I think we’d have a hard time arguing that translation, even good translation, is as rare as gold, and the value of gold in large measure comes from that rarity. For example, there are successful crowdsourcing translation projects that leverage the talents of an enormous number of nonprofessionals and some of them do a fine job (the TED conferences are done this way) and this will likely increase in the future.
The consistent effort to accelerate volume and turnaround through the use of MT technology suggests that the largest untapped market is the low-quality, high volume market — the WalMart segment of the market — which I’m sure you’d agree is an area providers like you and I would want to avoid.

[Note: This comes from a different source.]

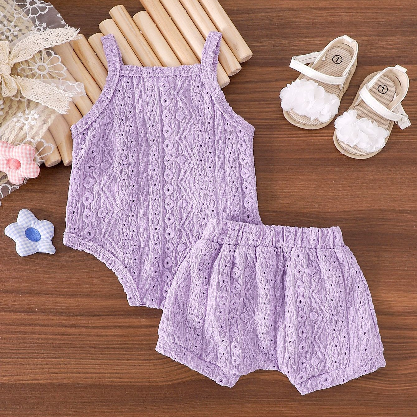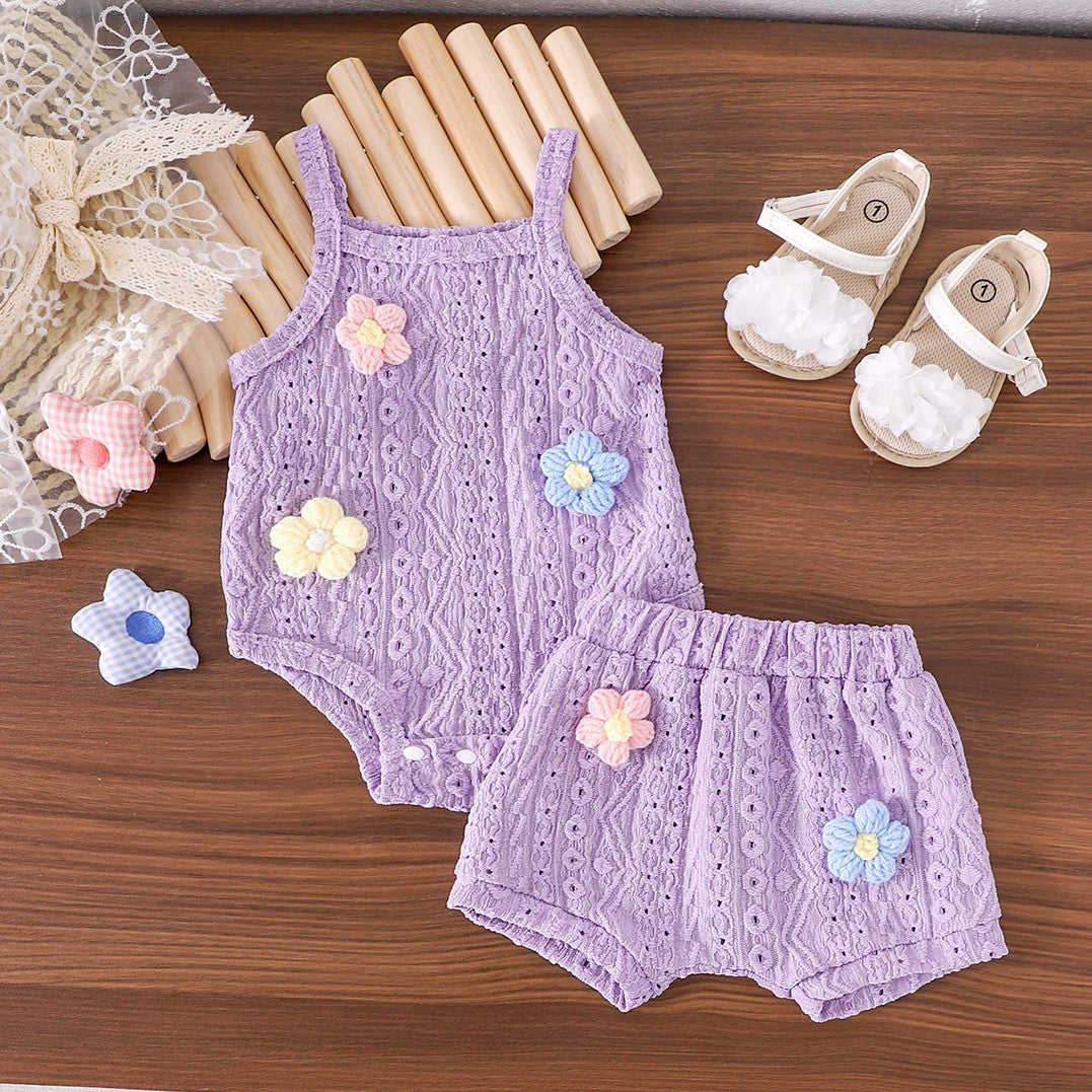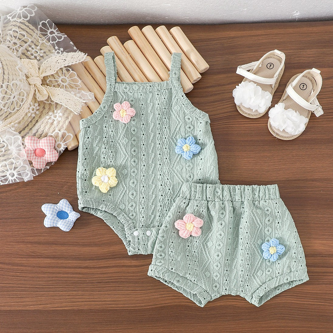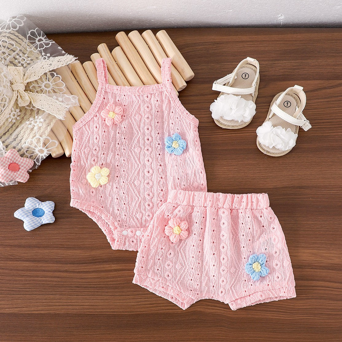 Body tipo broderie con detalles de flores y short

As I told Radek, the solution for individual translators who wish to bypass “agencies” is to pool their skills with colleagues they know and trust and offer letter-perfect final publishable translations. Collaboration is essential to achieve this, and the best translators know and practice this already. There will always be a requirement for good translation companies that are properly capitalized and have the expertise and resources to handle translation and localization on dozens of platforms and in over 100 languages on short turnarounds. It makes no sense to try to displace or replace these companies unless you have the ability to capitalize them yourself over the long run.
The market is surely large and diverse enough to accommodate all these players.